一般社団法人 地域創造

「舞台芸術活性化事業」レポート

 「舞台芸術活性化事業」は、地域における文化的な潜在力の活性化を目的に、本年度、初めて実施された実験的な事業です。事業内容は、全国から3地域を選び、地域で演劇を志している人たちにプロの舞台美術家や俳優、話題の演出家と共同でオリジナル作品をつくる機会を提供するとともに、地域が独力では企画しづらい首都圏でのお披露目公演の場を設けるというものです。各地域でどのような共同作業が行われたのか、実際の制作プロセスと参加者の声をお伝えしたいと思います。

 

 本事業への参加地域が正式に確定したのが95年の12月中旬。

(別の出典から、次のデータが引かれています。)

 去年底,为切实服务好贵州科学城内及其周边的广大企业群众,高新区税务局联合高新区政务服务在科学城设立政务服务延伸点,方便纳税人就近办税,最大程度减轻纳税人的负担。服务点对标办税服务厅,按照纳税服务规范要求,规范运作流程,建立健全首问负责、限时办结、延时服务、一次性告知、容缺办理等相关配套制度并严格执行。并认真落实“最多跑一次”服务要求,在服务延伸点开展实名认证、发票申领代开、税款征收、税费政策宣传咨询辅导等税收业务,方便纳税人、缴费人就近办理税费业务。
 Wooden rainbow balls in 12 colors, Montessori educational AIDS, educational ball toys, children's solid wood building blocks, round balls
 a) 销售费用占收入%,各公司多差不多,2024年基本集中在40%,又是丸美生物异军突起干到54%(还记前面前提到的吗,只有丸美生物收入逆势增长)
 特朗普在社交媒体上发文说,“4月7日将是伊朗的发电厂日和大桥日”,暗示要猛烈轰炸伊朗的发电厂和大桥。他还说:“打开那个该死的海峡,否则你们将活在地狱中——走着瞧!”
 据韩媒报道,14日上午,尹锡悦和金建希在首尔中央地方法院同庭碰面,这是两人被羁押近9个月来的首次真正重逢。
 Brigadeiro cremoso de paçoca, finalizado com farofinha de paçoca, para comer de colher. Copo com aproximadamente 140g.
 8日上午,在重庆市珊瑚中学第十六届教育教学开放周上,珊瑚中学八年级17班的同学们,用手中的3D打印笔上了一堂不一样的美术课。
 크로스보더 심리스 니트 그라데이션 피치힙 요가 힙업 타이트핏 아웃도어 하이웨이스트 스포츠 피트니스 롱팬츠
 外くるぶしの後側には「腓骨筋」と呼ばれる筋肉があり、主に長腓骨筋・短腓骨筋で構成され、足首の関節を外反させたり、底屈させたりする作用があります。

10カ月余りで体制づくり、新作プロデュース、地元公演、首都圏公演まで行うという短期集中プロジェクトであるため、演劇に関して実績のある北九州市、前橋市、埼玉県の3地域が選ばれました。

 

 この事業の総合プロデューサーは利賀、水戸など地域における国際的な演劇拠点づくりの草分けとして知られる鈴木忠志氏です。鈴木氏の「演出家と作家を同一人にしないこと、全国的に活躍している演劇人は各地域3名とすること、できるだけ若手演劇人に活動の場を提供すること」という基本方針に沿って各地でプロデュースが行われました。

 

●北九州市の場合

 

 北九州市は2001年の文化拠点建設に向けて93年から北九州演劇祭をスタート、東京だけでなく地域の劇団との交流も活発に行っています。昨年からは北九州市立大手町練習場内に演劇祭事務局を設けて恒常的な活動体制をつくるなど実力のある地域です。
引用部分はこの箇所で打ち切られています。